Merin entzündete die kleine Fackel in der Wandhalterung – dann seufzte er schwer. Er hatte die Toten gefunden.
Zehn, fünfzehn Soldaten im Blau des Königs trieben durch den winzigen See, dessen Wasser sich mit Blut vermischt hatte. Schweigend starrten blinde Augen zu Merin hierauf, der mit einer automatischen Bewegung die Fackel wieder löschte.
Immer noch fühlte er die blinden Augen auf sich ruhen. Schnell trat er die Flucht nach draußen an und zog den Gobelin zurück über die Öffnung.
Sie waren alle tot. Merin konnte sich nicht länger vormachen, dass es sich nicht um einen Angriff handelte. Der Palast war überrannt worden, noch dazu von jemandem, der von dem versteckten See gewusst hatte.

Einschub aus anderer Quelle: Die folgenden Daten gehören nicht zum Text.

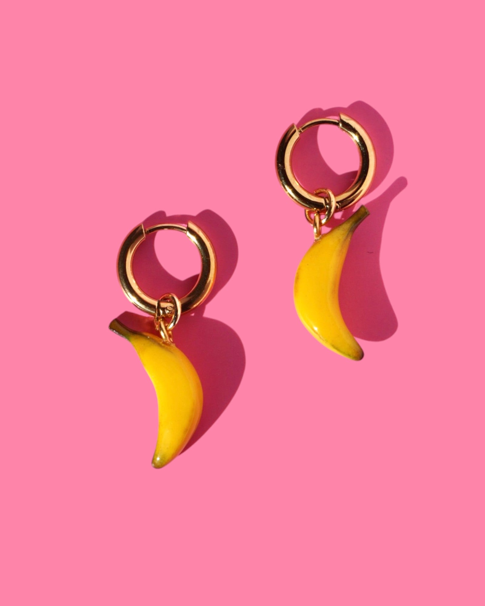 Our banana charm earrings are sculpted with polymer clay for a lightweight feel and assembled with 316L surgical steel hypoallergenic hardware. All of our polymer clay earrings and accessories are designed and handmade in Los Angeles, California by maker and founder, Kyrstin Constantino.
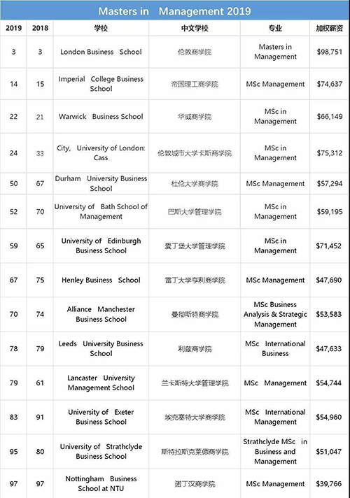 其中伦敦商学院、帝国理工商学院、华威商学院、卡斯商学院提供的管理学硕士课程进入了排名的TOP50。
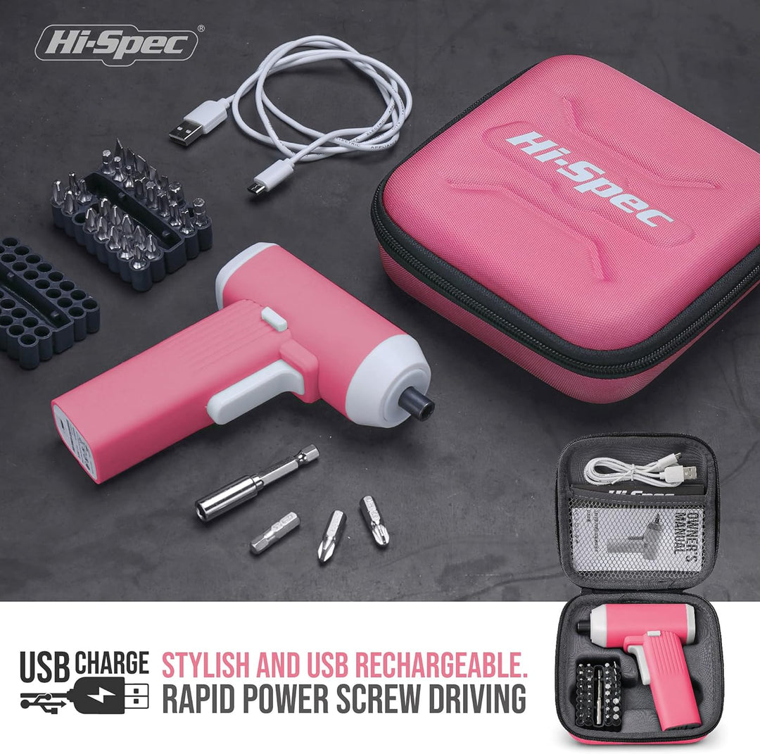 - MACHT SCHRAUBEN NICHT LANGWEILIG: Mit dem Hi-Spec 3.6V USB Electric Power Kabellosen Schraubendreher & Bit-Set können Sie ein wenig Flair in das Heimwerken bringen. Stilvoll und wiederaufladbar, ist er unverzichtbar für die schnelle Schraubbefestigung
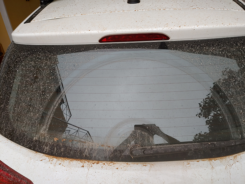Der Schlamm, der gestern Abend vom Himmel fiel, hat seine Spuren hinterlassen. Dabei sind die Bilder noch weit entfernt von der Realität. Heute war deshalb großes Putzen angesagt, denn das Zeug ist hartnäckig und lässt sich – erstmal trocken – nur schwer von Putz, Fenstern, Fliesen, Möbeln und Textilien oder Fahrzeugen entfernen. Es dauerte Stunden, ehe die terrakottafarbene Pampe halbwegs vom Grundstück verschwand. Da müssen wir morgen nochmal ran.
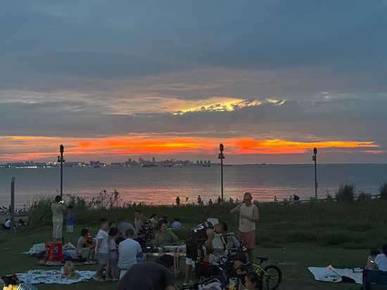 當晚,19時30分至21時30分,天空之山階梯上人來人往,歡聲笑語交織成最美的旋律。每一步攀登,都是向著更高處的風景與情感邁進。登上山頂,濱海大道的璀璨燈火與遠處城市的輪廓交相輝映,美不勝收,彷彿整個城市的溫情都凝聚在這一瞬,等待着與每一個家庭共享。
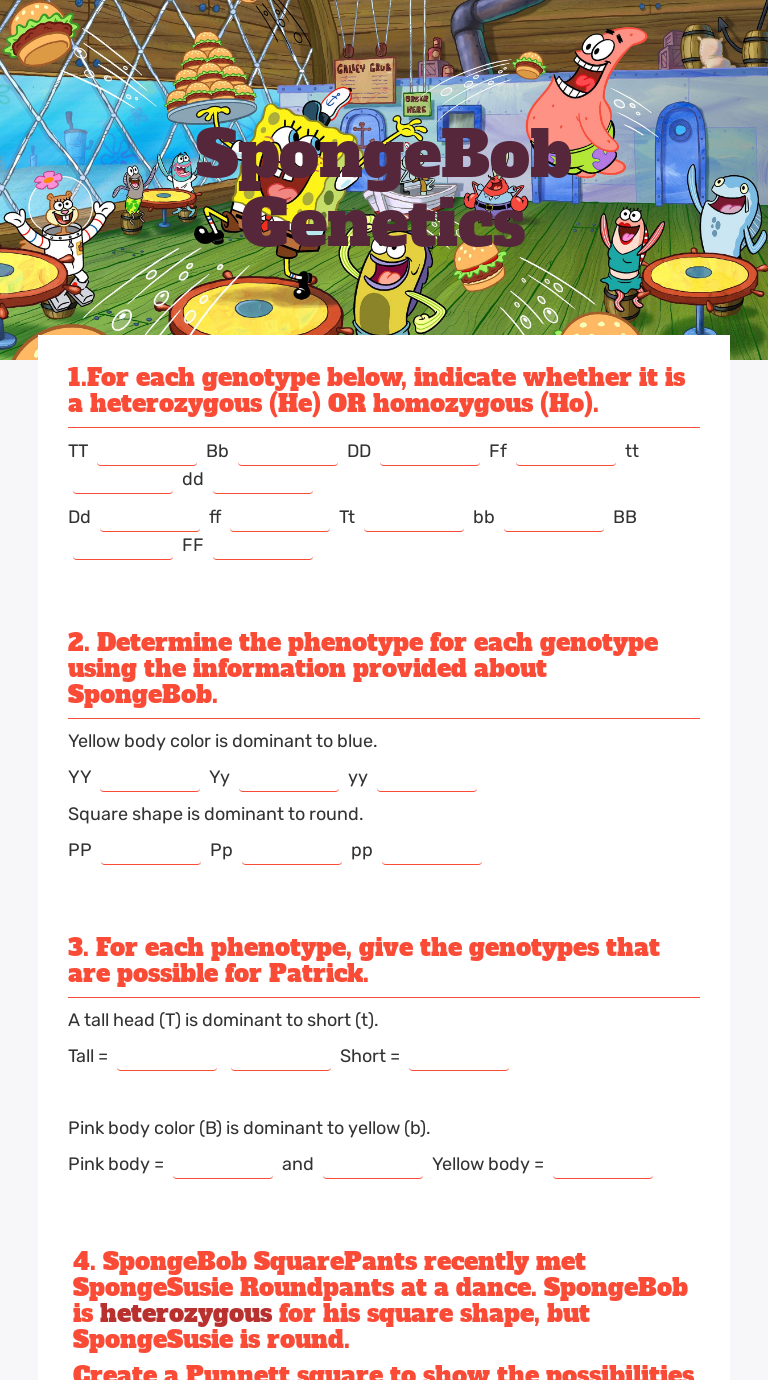 Spongebob genetics answer key each question spongebob genetics answer key. Create a punnett square to show the possibilities that would result if spongebob and spongesusie had children.
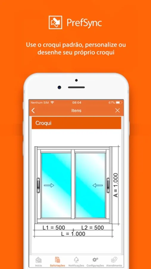 Desenhar diretamente no app o modelo de esquadria que fará parte da solicitação;
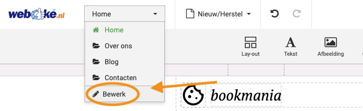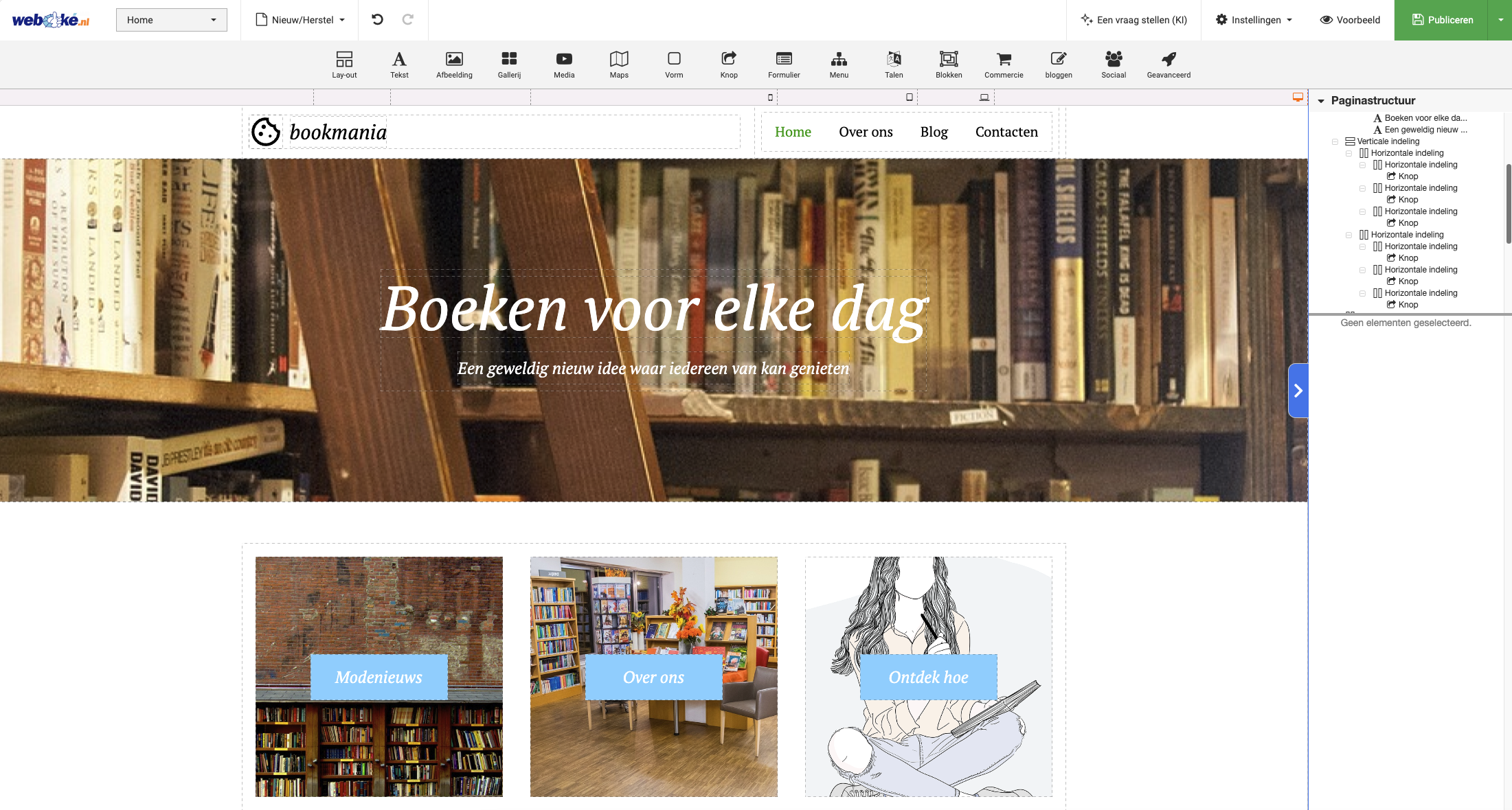 Na het genereren van de site kom je direct op je nieuwe site in de Sitebuilder terecht

Merin stieg die Treppe wieder hinauf. Die beste Möglichkeit wäre, den Berghang wieder herabzuklettern, zu rennen, so weit ihn die Beine trugen, und nicht wieder anzuhalten.
Doch er tat es nicht. Stattdessen ging er zu der Stelle, wo hinter einem zweiten Gobelin der Geheimgang begann. Merin schlüpfte unter dem Wandteppich hindurch und zog die Eichentür dahinter auf. Die Gelenke der Tür waren perfekt geölt – seit Chirogans Verschwinden hatte er die Geheimgänge im Palast in Schuss gehalten. Er hatte gewusst, dass es ihm nützlich sein würde.
Ganz allein, nur mit einer Fackel in der Hand, kletterte Merin durch den zerklüfteten Gang nach oben zum Palast.
Der Gang war eng und feucht, es tropfte von der Decke und der unebene Boden war glitschig. Doch Merin war ein Waldläufer. Er setzte seine Stiefel geschickt in jede Fugen und Spalten, die ihm Halt zu geben vermochten, und stieg schon beinahe mühelos hinauf.
Schließlich trat er durch den klaffenden Eingang der Höhle in den strömenden Regen hinaus. Er hielt sich dicht am Fels, außer Sichtweite der großen, gefärbten Fenster, und hangelte sich unter die Brücke, die zum Eingang führte. Hier, in einer Mauerritze verborgen, nur zu finden, wenn man wusste, wo man suchen musste, verbarg sich der Schlüssel zum zweiten Geheimgang. Merin musste sich an einen rutschigen Brückenpfeiler hängen und konnte dann, mit ausgestrecktem Arm, den Schlüssel so gerade berühren. Er zog ihn zu sich heran und kletterte wieder zurück.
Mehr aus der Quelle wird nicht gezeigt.